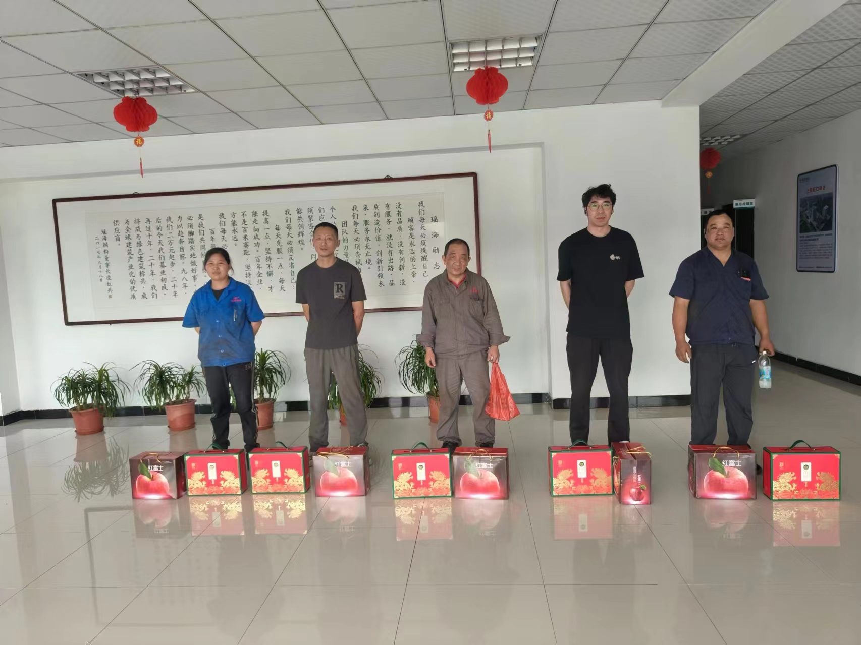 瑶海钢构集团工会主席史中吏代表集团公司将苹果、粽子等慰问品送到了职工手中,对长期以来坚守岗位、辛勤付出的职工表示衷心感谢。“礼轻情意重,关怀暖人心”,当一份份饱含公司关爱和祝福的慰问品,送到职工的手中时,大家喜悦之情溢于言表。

...

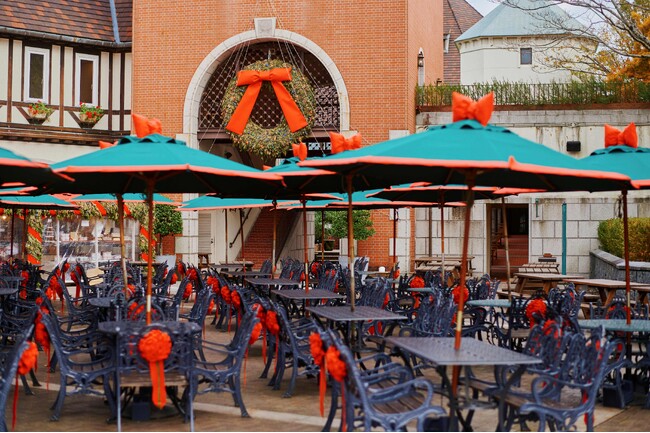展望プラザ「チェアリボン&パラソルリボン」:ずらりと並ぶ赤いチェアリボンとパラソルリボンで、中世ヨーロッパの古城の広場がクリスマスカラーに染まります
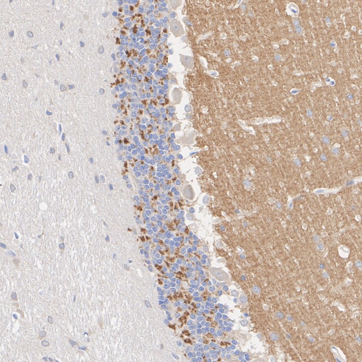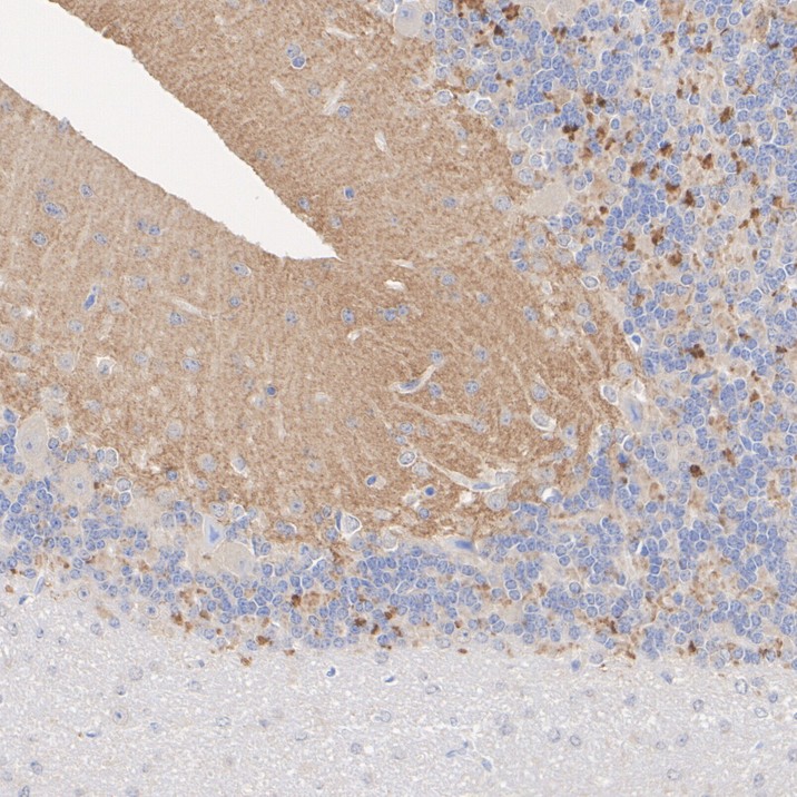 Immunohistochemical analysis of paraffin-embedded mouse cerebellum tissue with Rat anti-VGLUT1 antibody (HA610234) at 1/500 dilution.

* * *

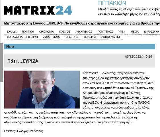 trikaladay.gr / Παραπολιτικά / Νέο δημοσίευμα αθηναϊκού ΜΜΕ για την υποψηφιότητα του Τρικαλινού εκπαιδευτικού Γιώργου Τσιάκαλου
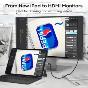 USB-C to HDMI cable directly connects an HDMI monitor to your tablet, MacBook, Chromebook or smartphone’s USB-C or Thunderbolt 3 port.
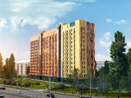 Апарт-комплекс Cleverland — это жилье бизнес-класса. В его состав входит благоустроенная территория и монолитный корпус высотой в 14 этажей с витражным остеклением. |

> [Work to be completed] From the material above, give again exactly the lines from the one that contains "展望プラザ「チェアリボン&パ" through the one that contains "Immunohistochemical analysis of", and leave out the pictures.

> [Exercise output]
展望プラザ「チェアリボン&パラソルリボン」:ずらりと並ぶ赤いチェアリボンとパラソルリボンで、中世ヨーロッパの古城の広場がクリスマスカラーに染まります
 Immunohistochemical analysis of paraffin-embedded mouse cerebellum tissue with Rat anti-VGLUT1 antibody (HA610234) at 1/500 dilution.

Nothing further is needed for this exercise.